The other field is stem cell biology. This is the study of unspecialised cells that can give rise to one or more different types of specialised cells. For instance, after adult marrow-derived Mesenchymal Stem Cells (MSCs) have divided, their progeny are capable of further division and differentiation into one of several mesenchymal phenotypes including osteoblasts, chondrocytes, myocytes, marrow stromal cells, tendon-ligament fibroblasts, and adipocytes. That is, the original stem cells have the capability to differentiate into a variety of phenotypes and so provide the foundation for numerous potential therapies to treat chronic illnesses and traumatic injuries.
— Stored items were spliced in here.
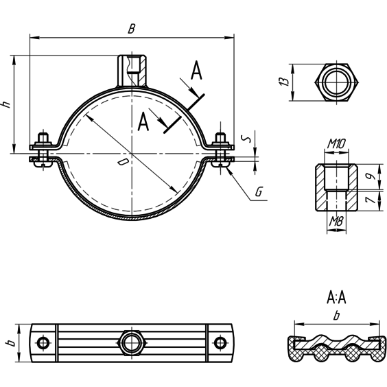 Хомут составной с виброгасителем для стандартных нагрузок PI-SD M8/M10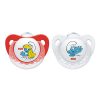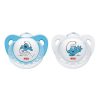 NUK Soothers have an orthodontic shape that promotes healthy oral development. This Soother features a Smurf design.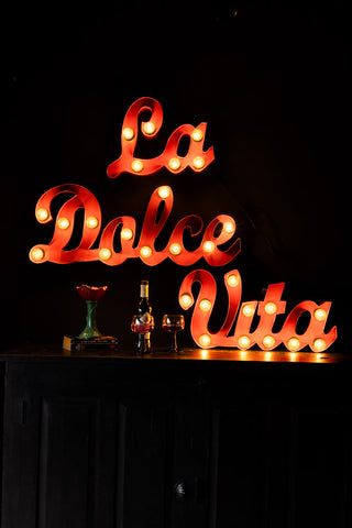 Illuminate your space with this super-fun wall light - reminiscent of fairground attractions, this eye-catching light is made from bold red steel and proclaims the phrase ‘La Dolce Vita,’ or ‘the good life,’ in a nostalgic retro font. Bright bul...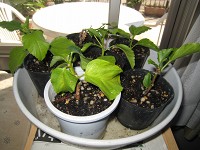 まずは屋内で越冬させた、葉っぱが茂っている4鉢のハイビスカスを植え替えることにしました。 |

Further, it has become recognised that the beneficial effects of stem cells go further than those arising solely from differentiation:

 

Stem cells can secrete combinations of trophic factors including cytokines and growth factors. These modulate, via paracrine action, the molecular composition of the environment to evoke responses from resident cells. MSCs, for instance, secrete bioactive factors that suppress the local immune system, inhibit fibrosis (scar formation) and apoptosis (‘normal’ or programmed cell death), enhance angiogenesis (blood vessel formation), stimulate mitosis (division of a parent cell to produce two identical daughter cells) and differentiation of reparative cells or stem cells.

Researchers are working to understand such processes more fully and thus set the scene for innovative new therapies that will undoubtedly emerge. Further, the author suggests that future therapies may well comprise an intimate combination of both differentiation-based mechanisms and trophic mechanisms, where ‘superior’ outcomes can be demonstrated and where regulatory requirements, not least for trophic factors’ Modes of Action, can be met.